Bids rigged in California property auctions | Inman News


Six people, including two licensed real estate brokers, have pleaded guilty to conspiring to rig bids at public foreclosure auctions in San Joaquin County, Calif.

Prosecutors said the conspirators would designate one person to bid for them at public auctions in order to keep prices low. After the designated bidder bought a property at a public auction, the group would hold a second, private auction, where each conspirator would bid what they were actually willing to pay.

The highest bidder at the private auction won the property. The difference between the rigged bid at the public auction and the high bid at the private auction was divided among the conspirators — an “illicit profit,” prosecutors said.

The scheme ran from about September 2008 until October 2009, with more than $10 million in homes purchased at artificially low prices. The U.S. Department of Justice, the FBI and the San Joaquin County District Attorney’s Office are conducting an ongoing investigation of “fraud and bidding irregularities” at auctions in the county, prosecutors said.

Stockton, the county seat, has been a hotbed for foreclosures. Stockton real estate executive Anthony B. Ghio was the first to enter a guilty plea in the case last year.

Facing a maximum penalty of 10 years in prison and a $1 million fine, Ghio pleaded guilty to bid rigging in April and agreed to cooperate with investigators in return for a recommendation of a lighter sentence.

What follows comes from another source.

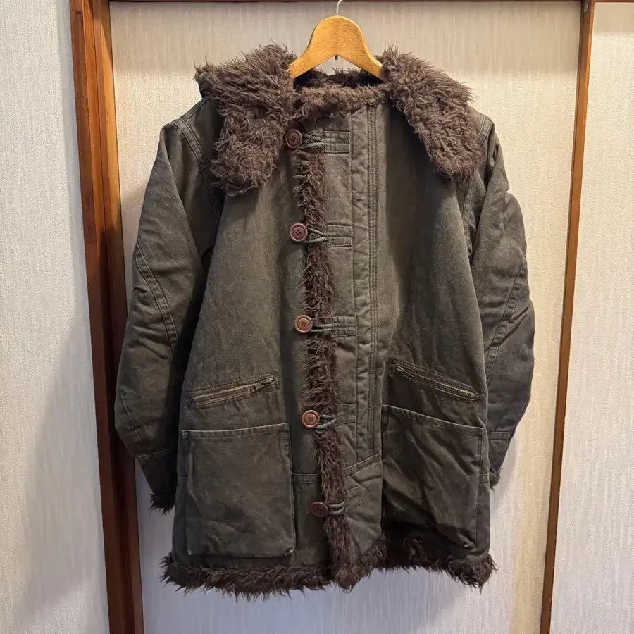 다크 그레이 밀리터리 퍼 자켓

On June 24, licensed brokers John R. Vanzetti and Theodore B. Hutz also pleaded guilty to participating in the conspiracy.

Vanzetti agreed to cooperate with investigators and pay $271,000 in restitution and a minimum fine of $20,000. In return, federal prosecutors said they would recommend that he be sentenced to no more than 24 months in prison.

Hutz, who is also a Realtor, agreed to the terms of a plea bargain calling for him to pay $96,500 in restitution and a minimum fine of $20,000. In return, prosecutors said they would recommend the same sentence for Hutz as Vanzetti — 18 to 24 months in prison.

In February, real estate executive Richard W. Northcutt was the fourth person to enter a guilty plea, followed by real estate investors Yama Marifat of Pleasanton and Gregory L. Jackson this month.

The California Department of Real Estate still lists Vanzetti and Huntz as licensed brokers, with no record of disciplinary action.

A California Department of Real Estate spokesman, Tom Pool, said that charges against an agent or broker can’t serve as the sole basis for disciplinary action — licencees are entitled to a hearing before an administrative law judge. Even in cases where a broker has entered a guilty plea or been convicted, they may still have the right to appeal their conviction.

A recent investigation by the Sacramento Bee found dozens of California real estate professionals charged with crimes or sued for allegedly fraudulent dealings in recent years still have their licenses.